Copy out exactly the lines spanning the line with "оголошення для Бойка Д. О." to the line with "打開外范,去掉耳模,即得兩個", inclusive, from the data underneath, with no pictures.

» **DATA PROVIDED**:

■ ■ ■ ■

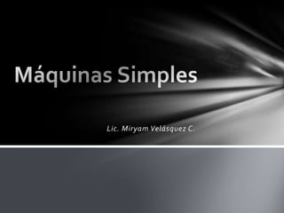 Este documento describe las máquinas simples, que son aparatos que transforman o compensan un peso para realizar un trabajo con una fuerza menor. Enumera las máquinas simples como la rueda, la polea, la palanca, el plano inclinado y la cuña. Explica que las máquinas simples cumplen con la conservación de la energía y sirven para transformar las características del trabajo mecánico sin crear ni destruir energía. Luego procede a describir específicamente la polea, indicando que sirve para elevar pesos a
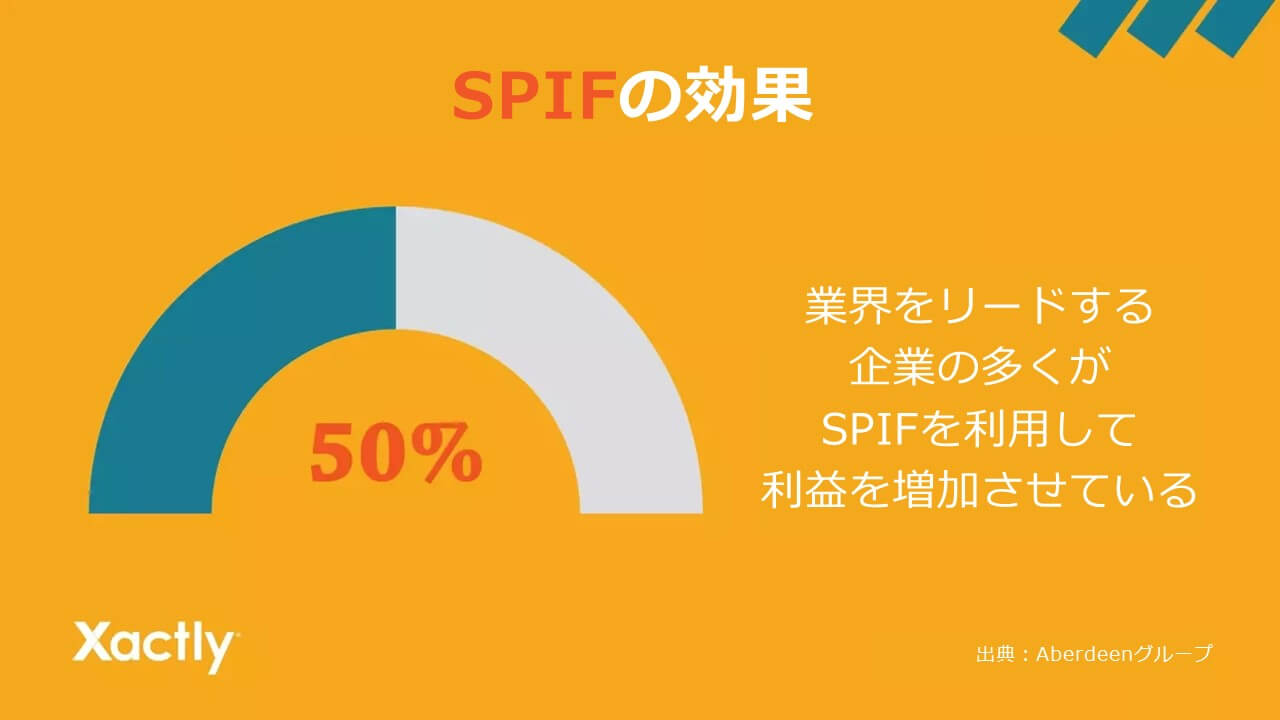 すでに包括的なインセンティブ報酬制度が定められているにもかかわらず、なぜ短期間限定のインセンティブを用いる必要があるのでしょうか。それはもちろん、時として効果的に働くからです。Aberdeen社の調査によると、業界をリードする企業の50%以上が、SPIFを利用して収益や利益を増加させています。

■ ■ ■ ■

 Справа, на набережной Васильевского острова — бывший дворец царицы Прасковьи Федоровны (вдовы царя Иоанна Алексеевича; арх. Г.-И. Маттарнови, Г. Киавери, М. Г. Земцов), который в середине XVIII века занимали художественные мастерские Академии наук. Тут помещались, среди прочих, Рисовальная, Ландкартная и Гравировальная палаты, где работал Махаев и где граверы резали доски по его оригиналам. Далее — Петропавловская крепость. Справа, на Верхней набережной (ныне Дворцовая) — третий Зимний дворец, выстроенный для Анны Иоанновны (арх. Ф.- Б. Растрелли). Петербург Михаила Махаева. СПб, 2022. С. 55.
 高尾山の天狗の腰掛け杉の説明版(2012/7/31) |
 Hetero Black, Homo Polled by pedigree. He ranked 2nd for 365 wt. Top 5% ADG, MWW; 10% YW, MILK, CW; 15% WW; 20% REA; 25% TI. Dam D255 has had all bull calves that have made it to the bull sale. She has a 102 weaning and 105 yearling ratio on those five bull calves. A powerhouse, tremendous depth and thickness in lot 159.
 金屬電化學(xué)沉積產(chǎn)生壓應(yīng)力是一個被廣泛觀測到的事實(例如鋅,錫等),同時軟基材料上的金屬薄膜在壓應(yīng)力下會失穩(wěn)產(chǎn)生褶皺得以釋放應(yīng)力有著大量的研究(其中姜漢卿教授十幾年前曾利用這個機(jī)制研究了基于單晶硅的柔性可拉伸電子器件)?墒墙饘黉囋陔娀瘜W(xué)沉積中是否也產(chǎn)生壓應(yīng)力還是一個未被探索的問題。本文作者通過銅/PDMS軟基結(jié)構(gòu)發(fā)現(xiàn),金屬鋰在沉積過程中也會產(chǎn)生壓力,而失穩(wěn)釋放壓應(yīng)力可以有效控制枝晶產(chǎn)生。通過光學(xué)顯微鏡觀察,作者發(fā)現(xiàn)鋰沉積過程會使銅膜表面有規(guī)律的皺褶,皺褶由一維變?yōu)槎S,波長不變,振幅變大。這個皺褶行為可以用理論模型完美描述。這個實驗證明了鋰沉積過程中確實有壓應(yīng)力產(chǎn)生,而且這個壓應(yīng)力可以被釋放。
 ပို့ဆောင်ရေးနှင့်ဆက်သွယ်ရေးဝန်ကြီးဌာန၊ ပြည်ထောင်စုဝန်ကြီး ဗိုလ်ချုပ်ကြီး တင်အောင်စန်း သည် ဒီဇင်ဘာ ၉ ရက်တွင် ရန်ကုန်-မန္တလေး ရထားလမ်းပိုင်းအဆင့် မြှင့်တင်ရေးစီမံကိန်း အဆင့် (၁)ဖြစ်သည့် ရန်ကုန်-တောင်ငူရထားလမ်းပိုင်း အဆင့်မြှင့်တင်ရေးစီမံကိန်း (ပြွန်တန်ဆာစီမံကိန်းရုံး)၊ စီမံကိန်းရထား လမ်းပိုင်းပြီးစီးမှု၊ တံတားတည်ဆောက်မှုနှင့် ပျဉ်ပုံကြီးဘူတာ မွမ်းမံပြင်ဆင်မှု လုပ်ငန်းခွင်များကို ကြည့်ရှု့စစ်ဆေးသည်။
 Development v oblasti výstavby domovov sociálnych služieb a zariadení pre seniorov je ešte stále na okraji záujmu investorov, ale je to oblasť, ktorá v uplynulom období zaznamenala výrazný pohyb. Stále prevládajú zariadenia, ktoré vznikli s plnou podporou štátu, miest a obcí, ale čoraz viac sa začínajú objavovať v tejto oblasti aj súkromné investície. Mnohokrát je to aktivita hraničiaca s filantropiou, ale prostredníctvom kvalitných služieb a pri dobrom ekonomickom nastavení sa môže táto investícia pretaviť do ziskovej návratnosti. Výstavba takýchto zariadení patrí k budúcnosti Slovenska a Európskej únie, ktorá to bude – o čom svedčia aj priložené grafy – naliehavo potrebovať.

■ ■ ■ ■

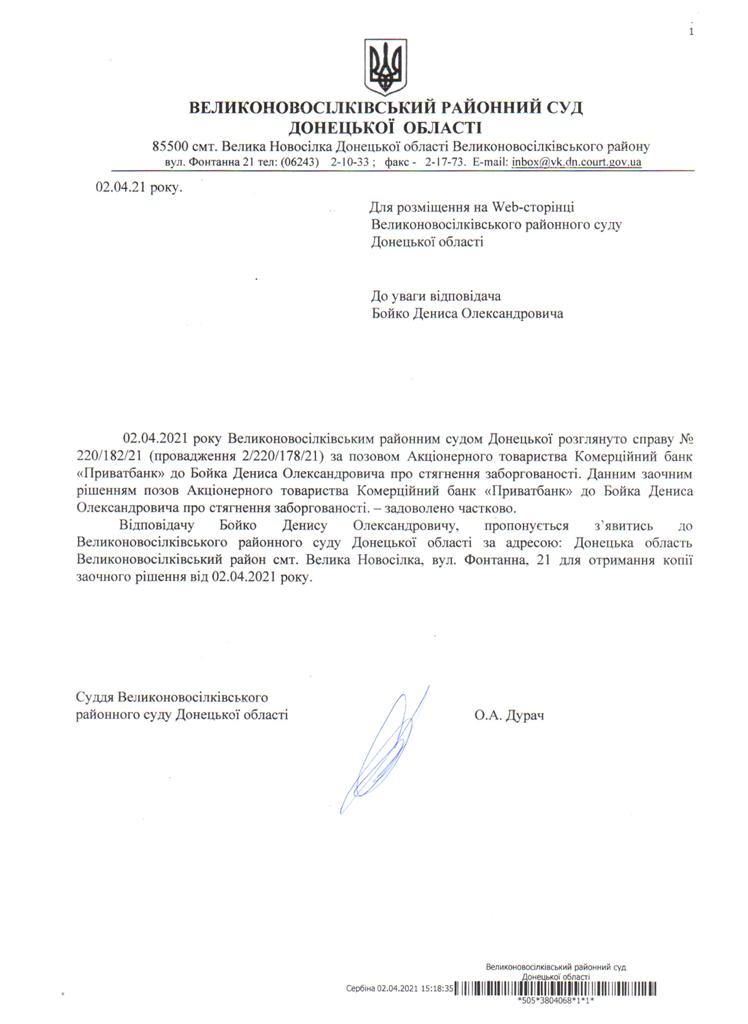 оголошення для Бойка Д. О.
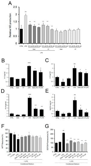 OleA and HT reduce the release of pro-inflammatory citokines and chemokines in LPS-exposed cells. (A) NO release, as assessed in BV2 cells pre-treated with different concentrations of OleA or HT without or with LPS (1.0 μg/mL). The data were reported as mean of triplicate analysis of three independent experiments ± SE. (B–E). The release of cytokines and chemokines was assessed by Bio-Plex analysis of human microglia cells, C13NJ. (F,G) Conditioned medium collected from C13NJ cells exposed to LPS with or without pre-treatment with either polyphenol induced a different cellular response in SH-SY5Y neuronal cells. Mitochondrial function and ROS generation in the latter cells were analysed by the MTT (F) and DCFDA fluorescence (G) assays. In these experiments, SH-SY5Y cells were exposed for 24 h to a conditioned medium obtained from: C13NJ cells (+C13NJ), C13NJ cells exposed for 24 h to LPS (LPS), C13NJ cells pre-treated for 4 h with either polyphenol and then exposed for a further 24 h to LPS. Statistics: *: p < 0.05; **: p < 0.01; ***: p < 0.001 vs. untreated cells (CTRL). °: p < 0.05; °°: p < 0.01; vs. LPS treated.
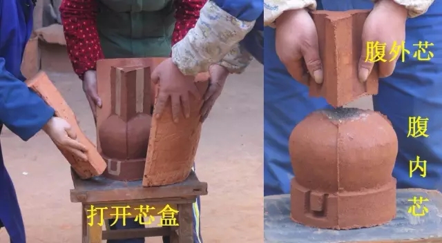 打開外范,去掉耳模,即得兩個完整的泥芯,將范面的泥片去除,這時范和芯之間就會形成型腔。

■ ■ ■ ■

» **TASK RESPONSE**:
 оголошення для Бойка Д. О.
 OleA and HT reduce the release of pro-inflammatory citokines and chemokines in LPS-exposed cells. (A) NO release, as assessed in BV2 cells pre-treated with different concentrations of OleA or HT without or with LPS (1.0 μg/mL). The data were reported as mean of triplicate analysis of three independent experiments ± SE. (B–E). The release of cytokines and chemokines was assessed by Bio-Plex analysis of human microglia cells, C13NJ. (F,G) Conditioned medium collected from C13NJ cells exposed to LPS with or without pre-treatment with either polyphenol induced a different cellular response in SH-SY5Y neuronal cells. Mitochondrial function and ROS generation in the latter cells were analysed by the MTT (F) and DCFDA fluorescence (G) assays. In these experiments, SH-SY5Y cells were exposed for 24 h to a conditioned medium obtained from: C13NJ cells (+C13NJ), C13NJ cells exposed for 24 h to LPS (LPS), C13NJ cells pre-treated for 4 h with either polyphenol and then exposed for a further 24 h to LPS. Statistics: *: p < 0.05; **: p < 0.01; ***: p < 0.001 vs. untreated cells (CTRL). °: p < 0.05; °°: p < 0.01; vs. LPS treated.
 打開外范,去掉耳模,即得兩個完整的泥芯,將范面的泥片去除,這時范和芯之間就會形成型腔。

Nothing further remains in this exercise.